▶ **RAW DATA**
....
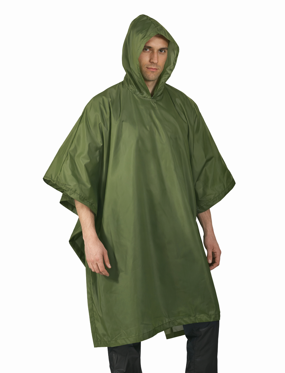 Poncho impermeable ligero color verde con capucha, ideal para peregrinos del Camino de Santiago. Protege de la lluvia y el viento, es cómodo, práctico y fácil de llevar en la mochila.
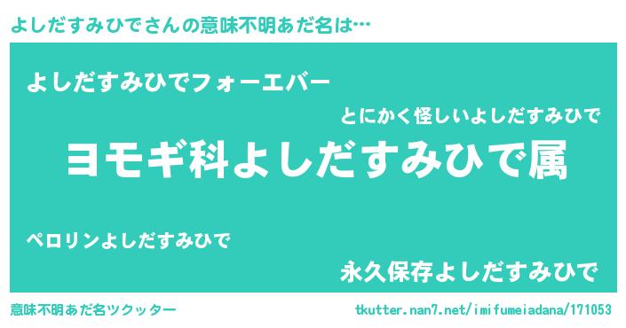 | 男性向けラノベタイトル風あだ名 | 『よしだすみひで~年齢イコール彼女いない歴の魔法使い~』 |
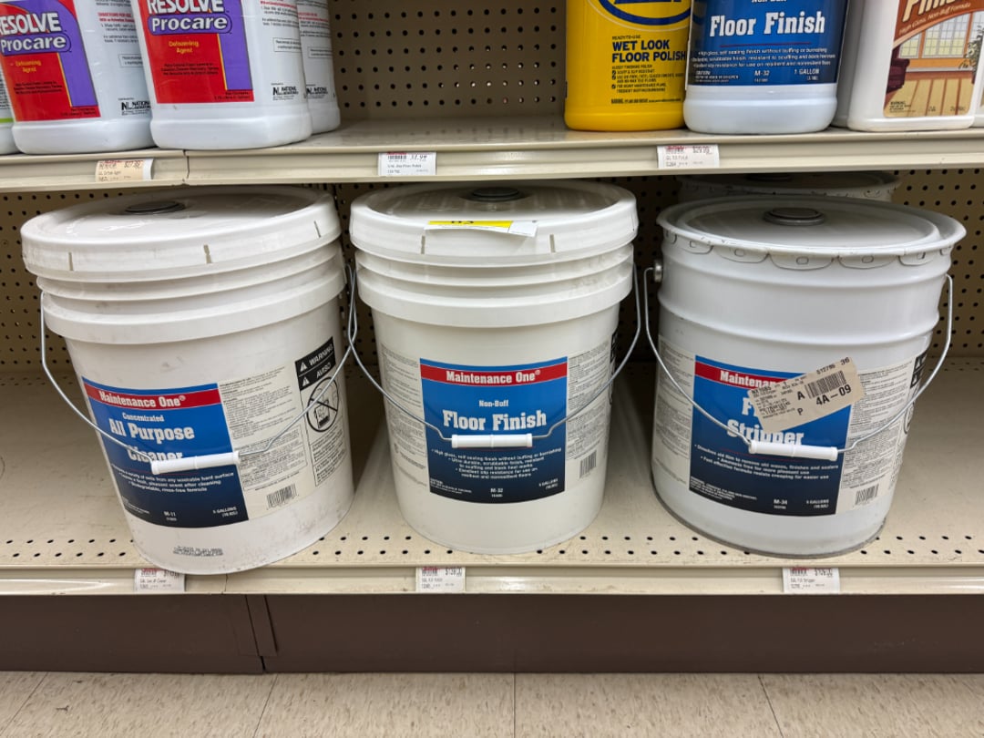 •Maintenance One Cleaner, Floor Finish, Floor Stripper (Lot #83)
....
▶ **ASSIGNMENT**
Your answer must be an exact copy of the listing, with every picture omitted.

▶ **SOLUTION TO THIS EXERCISE**
 Poncho impermeable ligero color verde con capucha, ideal para peregrinos del Camino de Santiago. Protege de la lluvia y el viento, es cómodo, práctico y fácil de llevar en la mochila.
 | 男性向けラノベタイトル風あだ名 | 『よしだすみひで~年齢イコール彼女いない歴の魔法使い~』 |
 •Maintenance One Cleaner, Floor Finish, Floor Stripper (Lot #83)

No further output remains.